◆ **What you should do**:
Skip every picture while you write out the records below, from the first line through the one that contains "別小看多出來的牙齒,恐成為恆", both ends kept.

◆ ◆ ◆ ◆

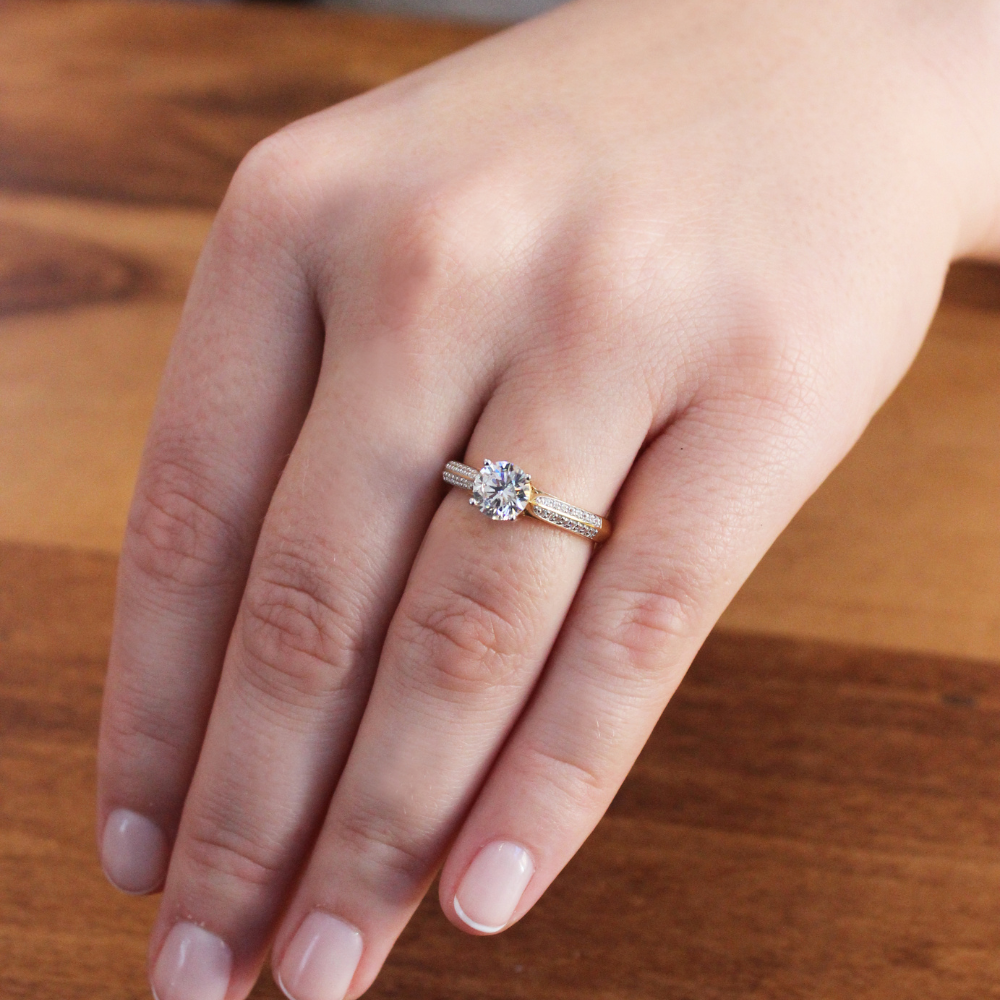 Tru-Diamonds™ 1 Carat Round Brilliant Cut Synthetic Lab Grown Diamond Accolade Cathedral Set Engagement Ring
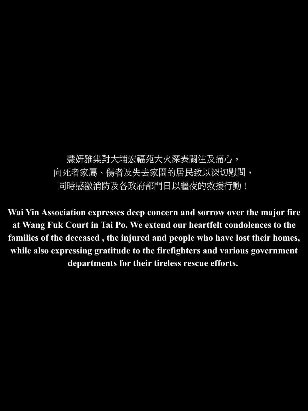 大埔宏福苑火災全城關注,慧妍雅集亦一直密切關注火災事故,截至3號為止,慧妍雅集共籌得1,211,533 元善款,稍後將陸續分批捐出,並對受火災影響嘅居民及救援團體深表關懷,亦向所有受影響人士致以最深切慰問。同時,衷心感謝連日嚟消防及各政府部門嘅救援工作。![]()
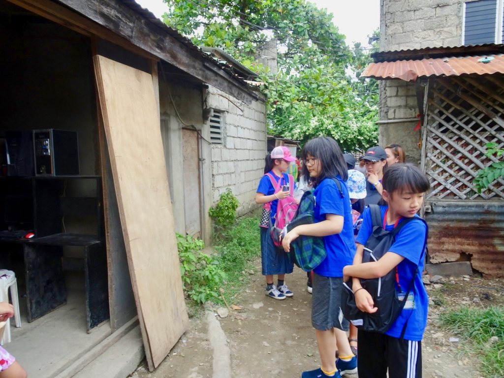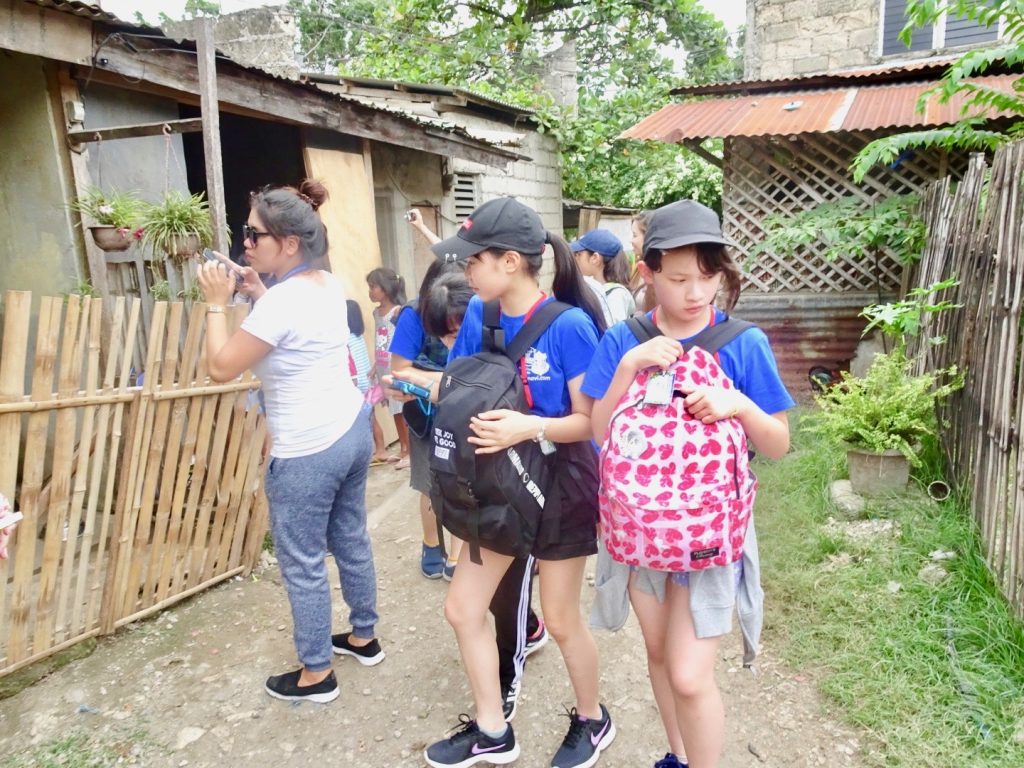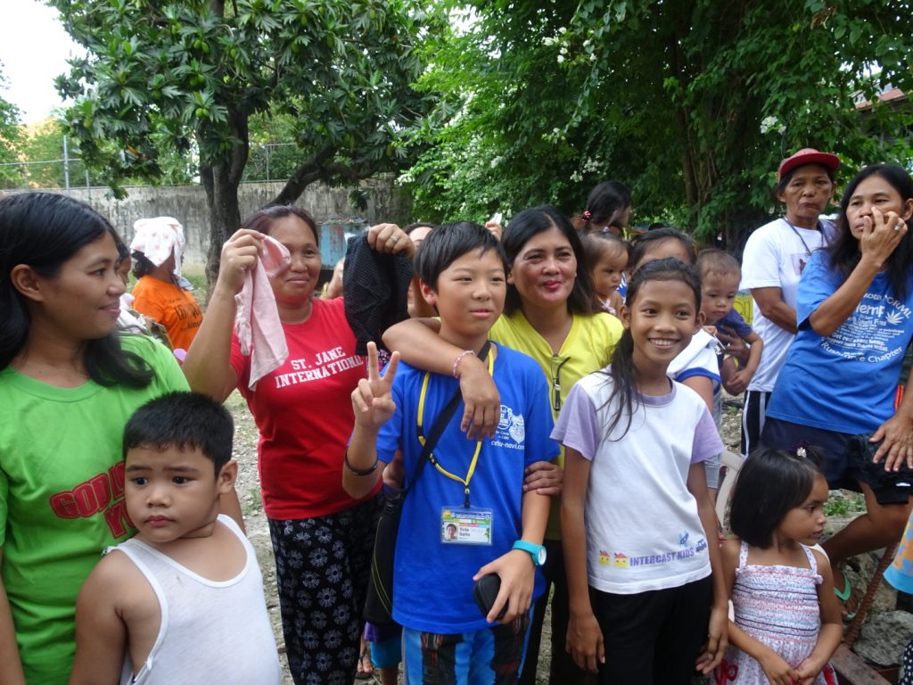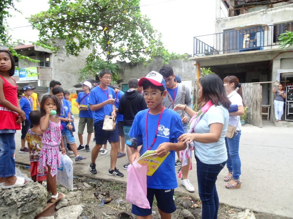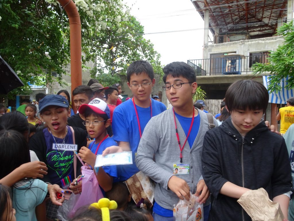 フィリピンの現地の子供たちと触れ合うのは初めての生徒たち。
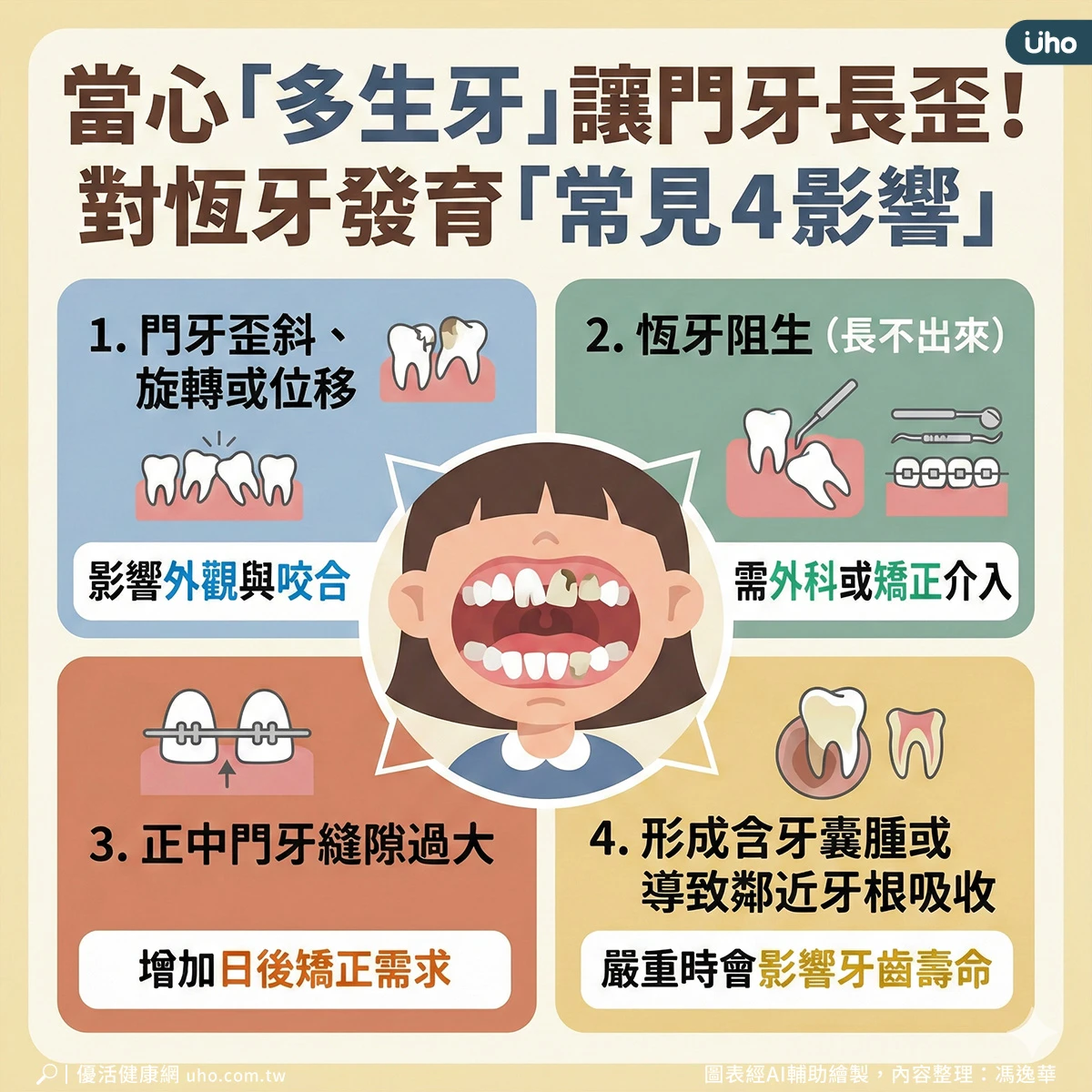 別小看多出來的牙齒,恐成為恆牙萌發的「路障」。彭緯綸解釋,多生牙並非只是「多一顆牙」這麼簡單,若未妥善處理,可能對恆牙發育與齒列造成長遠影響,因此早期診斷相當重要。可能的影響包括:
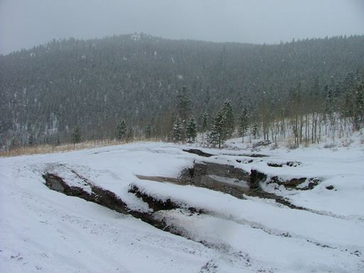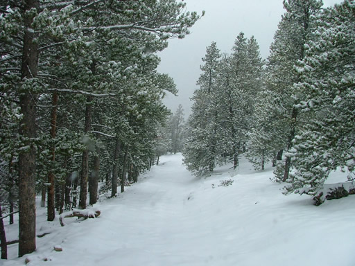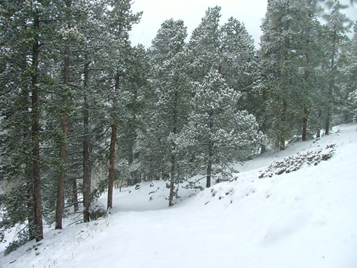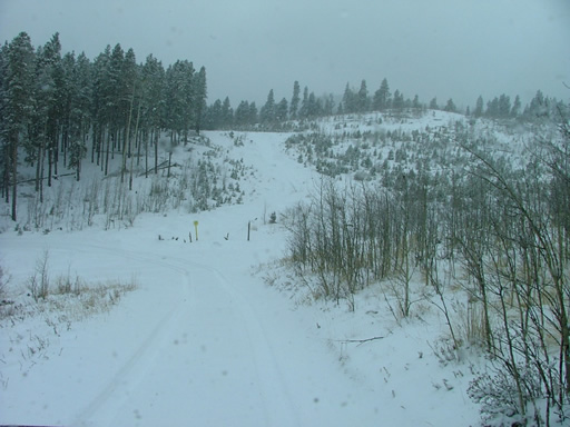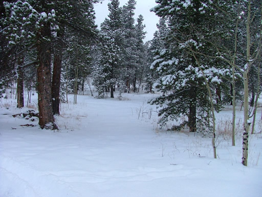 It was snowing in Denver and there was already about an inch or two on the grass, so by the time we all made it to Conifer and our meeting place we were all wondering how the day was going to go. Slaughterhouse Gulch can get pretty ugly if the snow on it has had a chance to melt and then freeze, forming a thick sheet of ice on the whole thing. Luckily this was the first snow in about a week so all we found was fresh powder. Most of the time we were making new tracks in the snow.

◆ ◆ ◆ ◆

◆ **Task response**:
 Tru-Diamonds™ 1 Carat Round Brilliant Cut Synthetic Lab Grown Diamond Accolade Cathedral Set Engagement Ring
 大埔宏福苑火災全城關注,慧妍雅集亦一直密切關注火災事故,截至3號為止,慧妍雅集共籌得1,211,533 元善款,稍後將陸續分批捐出,並對受火災影響嘅居民及救援團體深表關懷,亦向所有受影響人士致以最深切慰問。同時,衷心感謝連日嚟消防及各政府部門嘅救援工作。![]()
 フィリピンの現地の子供たちと触れ合うのは初めての生徒たち。
 別小看多出來的牙齒,恐成為恆牙萌發的「路障」。彭緯綸解釋,多生牙並非只是「多一顆牙」這麼簡單,若未妥善處理,可能對恆牙發育與齒列造成長遠影響,因此早期診斷相當重要。可能的影響包括:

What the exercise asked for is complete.